Information shown:
◆ ◆ ◆

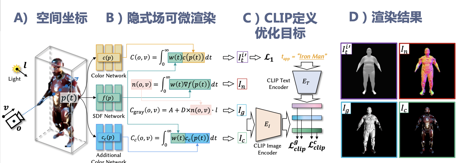 通过可微分渲染得到不同角度的虚拟形象图片,使用CLIP模型来计算这些虚拟形象图片和用户文本描述的差异作为监督损失。由于使用的是可微分渲染器,该监督损失的梯度可以反向传播到表示虚拟形象的隐式场,从而实现符合文本描述的形状雕刻和纹理生成。
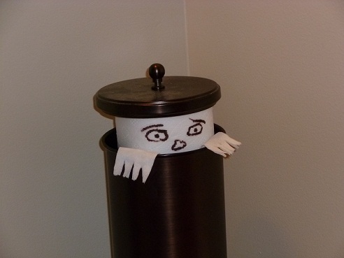 We have one of those round toilet paper holders in the powder room. I carried 3 rolls down to refill the holder, but there was already one in it. Rather than carry the extra back up, I just put it on top. The result was too much to pass up. A little work with a Sharpie and some scissors created a little TP monster. My wife thinks it is super creepy. I think it's hilarious.
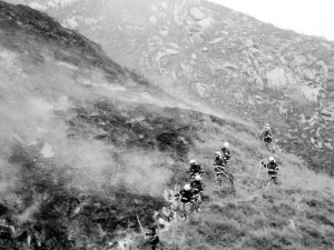 3月8日,山西省原平市中阳乡现峪村小南章山发生山火,原平市消防大队赶赴现场扑救火灾。到达现场后,因风势过大,连片的山头发生火灾,现场指挥部决定休整后于凌晨上山灭火。3月9日凌晨2时左右,消防中队上山灭火,9时15分左右,瞬间风势猛烈,风向突变,阳军、班行行两名同志被卷入火中,班行行随即被战友拉出,被送往医院救治。9时23分,其余官兵发现烧伤的阳军同志,并立即将其送往医院抢救,11时30分到达医院后抢救无效,阳军同志牺牲。 新华社发
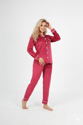 Generic - بيجاما شتوي للنساء والفتيات - خامه فلفيت ناعمه علي اليشره - مناسبة لجميع الأعمار والمقاسات مثاليه للتدفئه من برودة الشتاء تتكون من توب ب 5 زراير وجيب مطرز وكم طويل وبنطلون طويل

◆ ◆ ◆

Task details:
Return the stretch of data that begins with the line showing "We have one" and goes on through the line showing "3月8日,山西省原平市中阳乡", exactly, with pictures removed.

Worked solution:
 We have one of those round toilet paper holders in the powder room. I carried 3 rolls down to refill the holder, but there was already one in it. Rather than carry the extra back up, I just put it on top. The result was too much to pass up. A little work with a Sharpie and some scissors created a little TP monster. My wife thinks it is super creepy. I think it's hilarious.
 3月8日,山西省原平市中阳乡现峪村小南章山发生山火,原平市消防大队赶赴现场扑救火灾。到达现场后,因风势过大,连片的山头发生火灾,现场指挥部决定休整后于凌晨上山灭火。3月9日凌晨2时左右,消防中队上山灭火,9时15分左右,瞬间风势猛烈,风向突变,阳军、班行行两名同志被卷入火中,班行行随即被战友拉出,被送往医院救治。9时23分,其余官兵发现烧伤的阳军同志,并立即将其送往医院抢救,11时30分到达医院后抢救无效,阳军同志牺牲。 新华社发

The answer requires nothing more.